THE PROBLEM = Leave out every picture, and return exactly the lines from the line containing "天黑后,寺院內(nèi)法號" through the end of the records below, both inclusive.
----- EXERCISE DATA
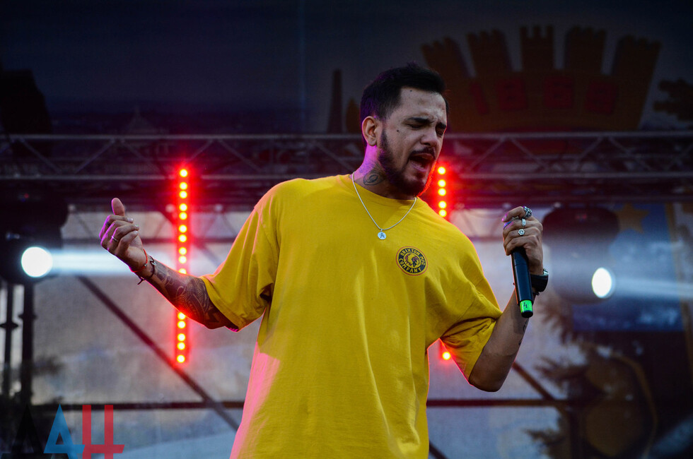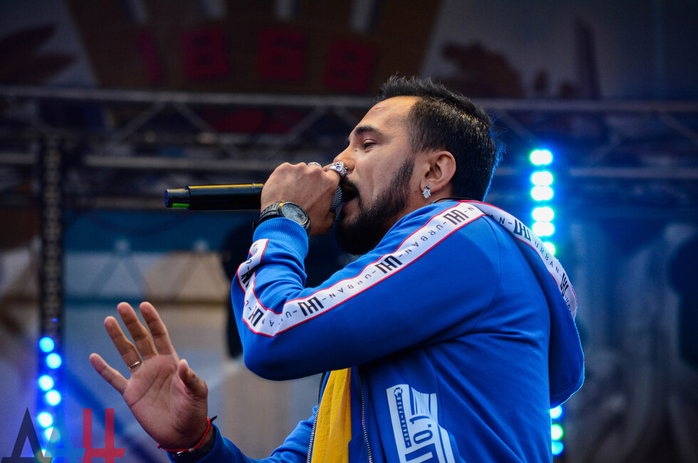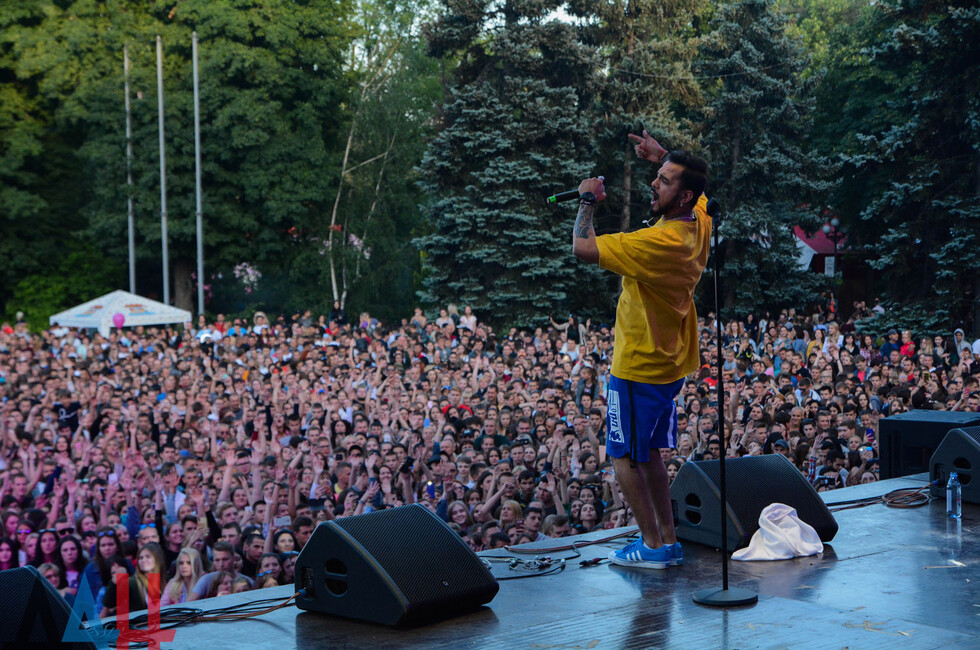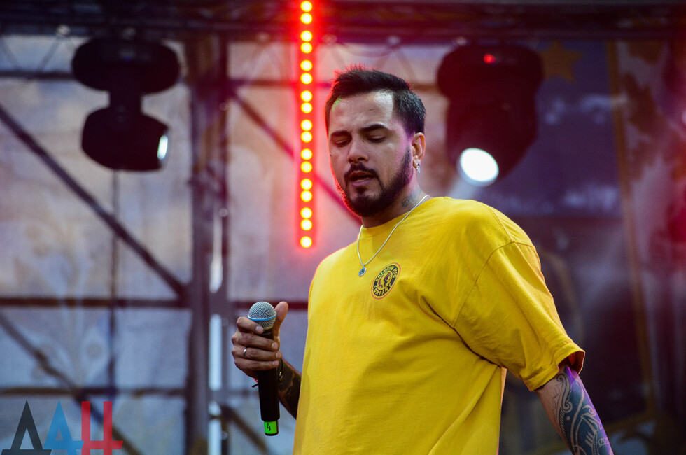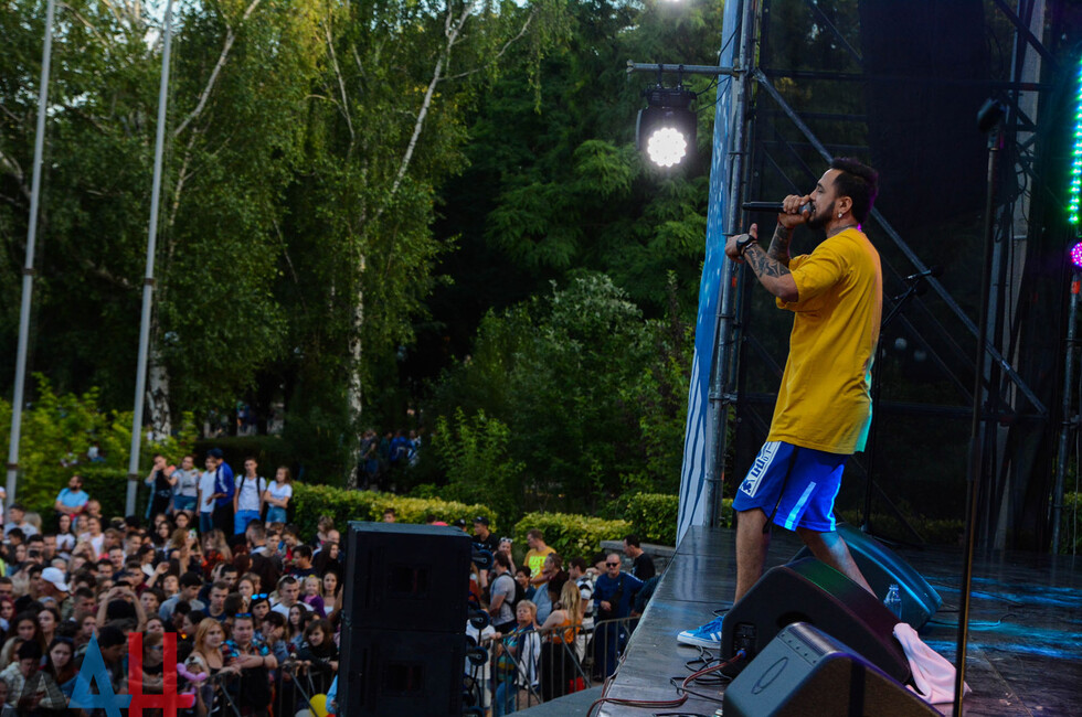 Затем на сцену вышел Natan. Донецк буквально взорвался овациями. Рэпер исполнил песни «Напомни имя», «Я хочу быть с ней», «Девочка Бомба» и один из самых популярных своих хитов «Слышь, ты че такая дерзкая?». Люди подпевали артисту. В концовке он сделал со сцены селфи со зрителями.
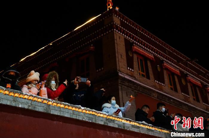 天黑后,寺院內(nèi)法號(hào)低回,路兩旁、院墻上、殿堂外,均燃起酥油燈盞。不遠(yuǎn)處煨桑爐煙火繚繞,與人們呼出的氤氳白氣一起消散在空中。
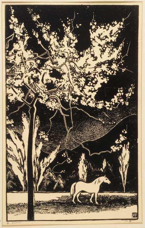 Drie paardjes en kamperfoelie, 24,5 x 21 cm, 1940
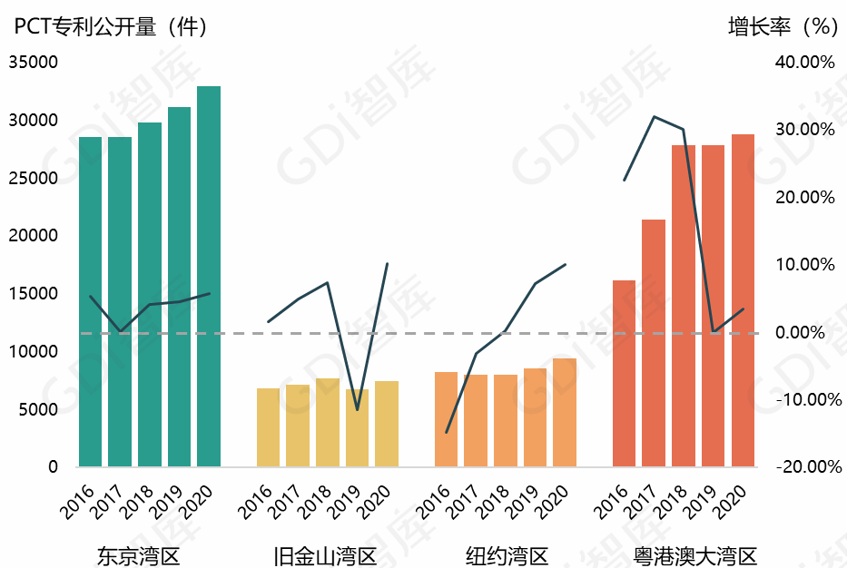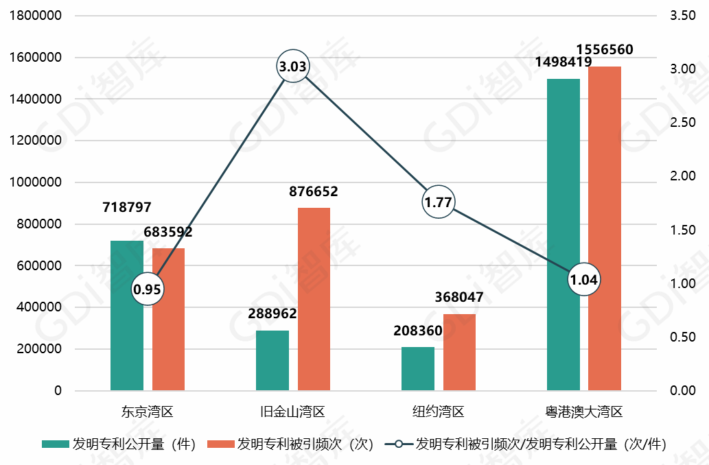 2020年粤港澳大湾区发明专利公开量约36.59万件,为东京湾区的2.39倍,旧金山湾区的5.73倍,纽约湾区的7.85倍。
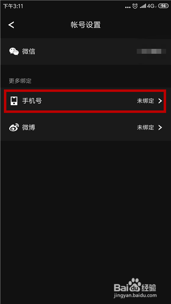 账号办理中可看到【手机号】,今朝是未绑定的状况,点击【手机号】。
----------
SOLUTION FOR THIS TASK =
 天黑后,寺院內(nèi)法號(hào)低回,路兩旁、院墻上、殿堂外,均燃起酥油燈盞。不遠(yuǎn)處煨桑爐煙火繚繞,與人們呼出的氤氳白氣一起消散在空中。
 Drie paardjes en kamperfoelie, 24,5 x 21 cm, 1940
 2020年粤港澳大湾区发明专利公开量约36.59万件,为东京湾区的2.39倍,旧金山湾区的5.73倍,纽约湾区的7.85倍。
 账号办理中可看到【手机号】,今朝是未绑定的状况,点击【手机号】。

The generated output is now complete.